Ô fils sublime de la sage Thémis ! contre mon gré, malgré toi, par d’indissolubles chaînes, je te lierai à cette roche inaccessible aux hommes, là où tu n’entendras la voix, où tu ne verras la face d’aucun mortel, où, lentement consumé par l’ardente flamme de Hèlios, tu perdras la fleur de ta peau ! Tu seras heureux quand la Nuit, de sa robe enrichie d’étoiles, cachera l’éclat du jour, et quand Hèlios dissipera de nouveau les gelées matinales.

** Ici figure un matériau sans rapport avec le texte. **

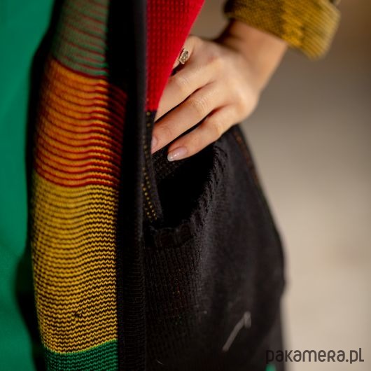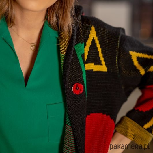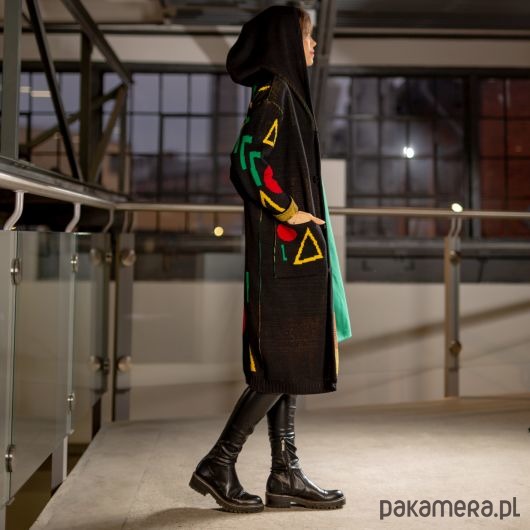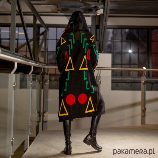 Długi kardigan zapinany na guziki w kolorze czarnym. Kardigan wykonany z wykorzystaniem naszych autorskich projektów, ozdobiony kolorowymi figurami geometrycznymi. Posiada obszerny kaptur oraz dwie duże kieszenie. Model oversizowy.

Elle te hantera à jamais, l’horrible angoisse de ta misère présente, et voici qu’il n’est pas encore né, Celui qui te délivrera ! C’est le fruit de ton amour pour les hommes. Étant un Dieu, tu n’as pas craint la colère des Dieux. Tu as fait aux Vivants des dons trop grands. Pour cela, sur cette roche lugubre, debout, sans fléchir le genou, sans dormir, tu te consumeras en lamentations infinies, en gémissements inutiles. L’esprit de Zeus est implacable. Il est dur celui qui possède une tyrannie récente. 

Kratos 
Allons ! Que tardes-tu ? Vainement tu le prends en pitié. Ce Dieu, en horreur aux Dieux, qui a livré ton bien aux mortels, ne le hais-tu point ? 

Hèphaistos 
Sang et amitié ont une grande force. 

Kratos 
Certes, mais peux-tu mépriser les ordres du Père ? Ne serait-ce pas plus effrayant ? 

Hèphaistos 
Tu es toujours dur et plein d’audace. 

Kratos 
Le plaindre n’est point un remède. Qu’en sera-t-il ? Ne t’émeus point vainement. 

Hèphaistos 
Ô travail très-détestable de mes mains ! 

Kratos 
Pourquoi ? En vérité, je te dirai ceci : la cause de ses maux n’est point dans ton art. 

Hèphaistos 
Cette tâche ! Que n’est-il donné à un autre de l’accomplir ! 

Kratos 
Toutes choses sont permises aux Dieux. Ceci leur est refusé. Nul n’est libre, si ce n’est Zeus. 

Hèphaistos 
Je le sais. Je n’ai rien à dire. 

Kratos 
Hâte-toi donc. Étreins-le de chaînes, de peur que le Père ne sache que tu hésites. 


Note

Ce texte a fait l'objet d'un commentaire dans la séance du 7 janvier 2010 de l'atelier de lecture de la République de Platon.